I’ve been a writer since before I could write. I was always imagining things to make reality more interesting. I questioned real world concepts, trying to make things better than they were by making stories up and learning as much as I possibly could. I was and still consider myself a pretty curious kid. A direct example of this violent and insatiable curiosity can be found in the throes of my childhood. The grand era, when 9 o’ clock meant bedtime, not, “Well, shit… I guess should start my homework.”

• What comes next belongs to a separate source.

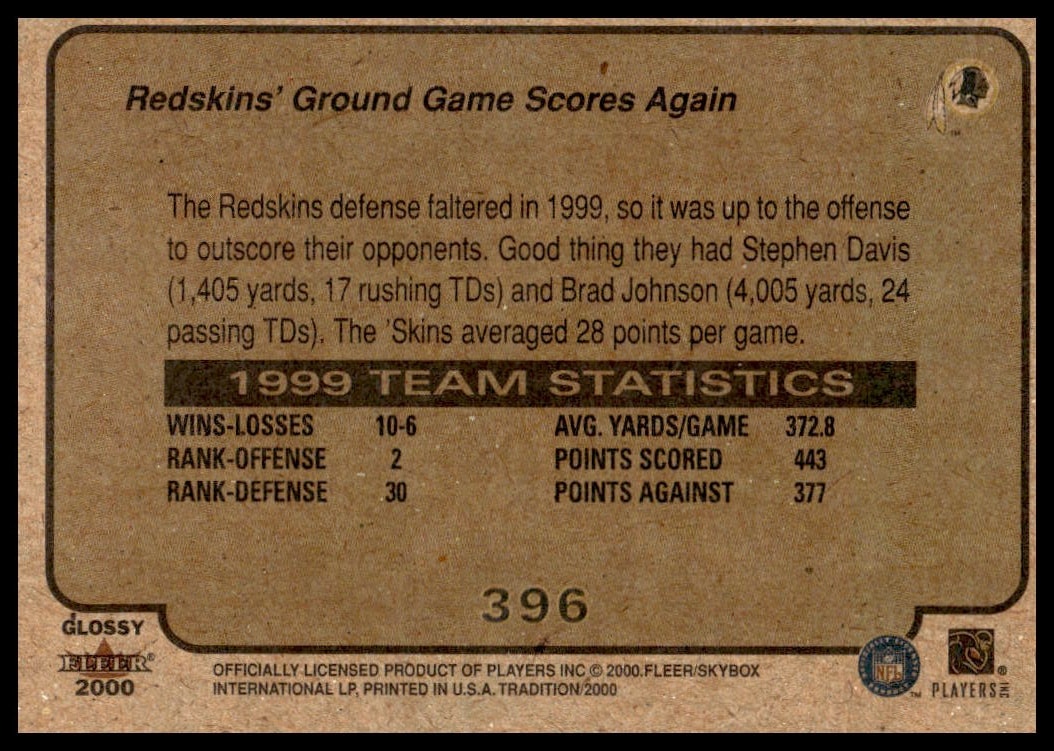 2000 Fleer Tradition Glossy Redskins’ Ground Game Scores Again #396

I wasn’t one of those pillow-throwing, tantrum-having demon children. I didn’t whine in protest about scratchy pajamas or cry thinking about The Boogey Man. — Actually, I lay silent in complete and utter terror of The Boogey Man. My strategy was simple: play dead. (Forgive me for bragging, but it’s been 20 years and he still hasn’t realized I’m faking. What a sucker…) But no — my rebellion against bedtime came in a different form. I did as I was told. Brushed my teeth, changed into comfy clothes, and hopped in bed to bury my little legs under a Lion King comforter. I was the perfect child.
Myth! I was just planning my attack.
I’d glance up into my mother’s face, looking deceitfully sleepy, perhaps after she read me a story. “Sweet dreams,” she’d say, rising to leave.
Tug.
Tug.
Gripping her sleeve.
“What is it, dear?”
“Um…um…ummmm…how do fish breathe?”
I might even remember asking this question. Or, I think I do. They tell me I asked many more just like it.
“Why is the sky blue?”
“What is fire?”
Every night I asked a new question. And as I got older – you know, training wheels age – I began to collect the facts. Memorize them. Fish can breathe underwater; the sky is blue; fire is hot; once upon a time there was a little girl who could shoot lasers from her eyes and have all the kittens she desired and – wait. What?
Reality wasn’t good enough for me!
Every child starts off learning – and mostly every kid plays make believe. Princesses, castles, dragons, space ships – we all do it. Most kids eventually stop.
I think writers are the ones who don’t. And the good ones show you how to play again.
I aim to be a good one, a writer that shows you there is still magic (and humor) in this cruel, strange and sometimes boring world. Because there is still magic in this place – in other places, too – and with a book, you can go anywhere.